My first time



Editor's note: I probably should have had a joint before this.  But I didn't, and I can't turn back the hands of time.  Also, this is the first blog post I've ever written about anything, so be gentle.

As a teenager growing up in the middle of the canadian prairies a while ago, I was raised to believe that weed kills. As part of a drug-free world, cannabis was the gateway drug to a life of abuse, addiction, poverty, depression, and death.  And I believed all of it. Terrified to even speak its name around my family, the thought of taking a rip off of a bong or a cored-out apple at a bush party in the middle of nowhere scared the shit out of me. 

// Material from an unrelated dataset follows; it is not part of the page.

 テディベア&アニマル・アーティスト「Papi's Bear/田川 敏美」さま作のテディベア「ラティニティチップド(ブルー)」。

And then, I caved.  Around the first time I stole booze from my parents' basement stash, I went to a party that was basically a Wiz Khalifa concert.  I was legitimately too naive to figure out how the hell all these kids got weed.  But that's not the point.  Eventually, someone hands a bong to me and suggests I try to take a rip from it.  As the lighter hit the chamber, I had no fucking clue what to do, so I tilted the bong towards me as I inhaled, drinking what felt like a gallon of bongwater along the way. 

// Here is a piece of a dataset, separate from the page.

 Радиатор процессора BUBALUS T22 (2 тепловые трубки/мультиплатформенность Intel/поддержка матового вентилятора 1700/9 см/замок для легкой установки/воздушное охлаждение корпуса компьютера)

Let me tell you, that was maybe the dumbest thing I've ever done in a long list of dumb acts I've committed so far in my life. After about 45 minutes of throwing my entire life up, I felt gross.  Like the hands of karma were giving me my comeuppance for tempting fate the way I did.  The invisible hand told me that what I was doing was wrong, so I decided then and there to swear off of weed.

And that devout approach to a smokeless life stuck for a long, long, long time.